Implement spec 33 pipeline vocabulary patterns by bnomei · Pull Request #7 · bnomei/muninn

bnomei · 2026-03-18T09:50:13Z

Summary

document the bounded vocabulary-JSON pattern as prompt shaping for refine, including global and contextual examples in the README and sample config
add a generic system_prompt_append composition helper so base config, voices, and profile transcript overrides can layer hint blocks without a dedicated vocabulary subsystem
add config/refine coverage proving appended prompt fragments resolve into the refine hint path while baseline behavior stays intact

Validation

cargo fmt
PATH=/opt/homebrew/bin:$PATH CARGO_HOME=/tmp/muninn-cargo-home cargo test -q config
PATH=/opt/homebrew/bin:$PATH CARGO_HOME=/tmp/muninn-cargo-home cargo test -q refine
PATH=/opt/homebrew/bin:$PATH CARGO_HOME=/tmp/muninn-cargo-home cargo test -q
PATH=/opt/homebrew/bin:$PATH CARGO_HOME=/tmp/muninn-cargo-home cargo clippy -q --all-targets -- -D warnings

Summary by CodeRabbit

New Features
- Optional ability to append bounded vocabulary JSON to system prompts for best-effort vocabulary biasing (disabled by default; no change to default behavior).
Documentation
- Expanded docs and examples showing how to configure, layer, and use system_prompt_append vocabulary hints across transcripts and profiles.

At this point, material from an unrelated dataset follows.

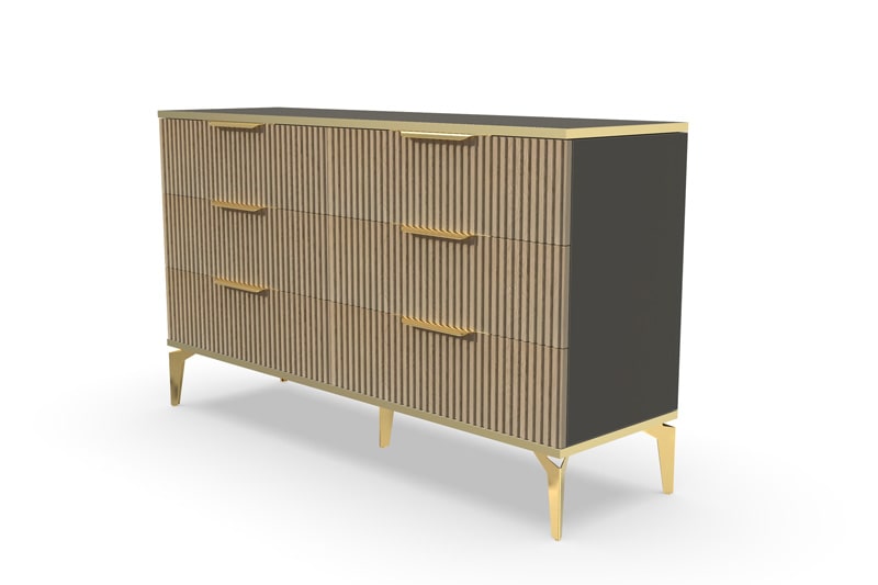 Одной из ключевых особенностей комода "Рейн" являются его рифлёные поверхности, которые придают ему современный и уникальный вид. Техника рифлёных поверхностей в декорировании мебели - это относительно новый тренд в дизайне интерьеров, который позволяет создавать необычные и уникальные вещи.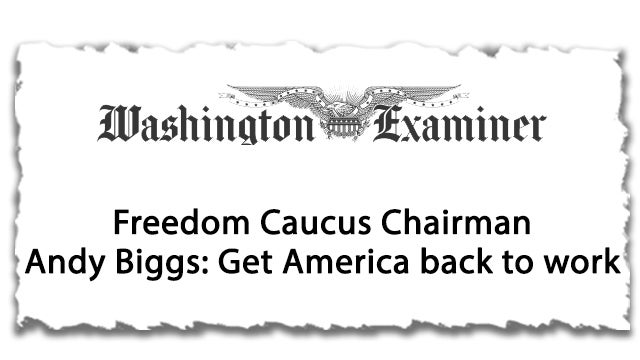 RUSH: Hey, take a look at this, folks. Somebody is joining me in my chorus. This is from the Washington Examiner: “Freedom Caucus Chairman Andy Biggs…” The Freedom Caucus is a conservative group in the Republican caucus in the House of Representatives. “Freedom Caucus Chairman Andy Biggs: Get America Back to Work.” Amen!

coderabbitai · 2026-03-18T09:50:34Z

Caution

Review failed

The pull request is closed.

ℹ️ Recent review info

⚙️ Run configuration

Configuration used: Organization UI

Review profile: CHILL

Plan: Pro

Run ID: e91c8de6-f558-4ba3-bf8c-b7d9d2a96a06

📥 Commits

Reviewing files that changed from the base of the PR and between 94446eb and a48eb1a.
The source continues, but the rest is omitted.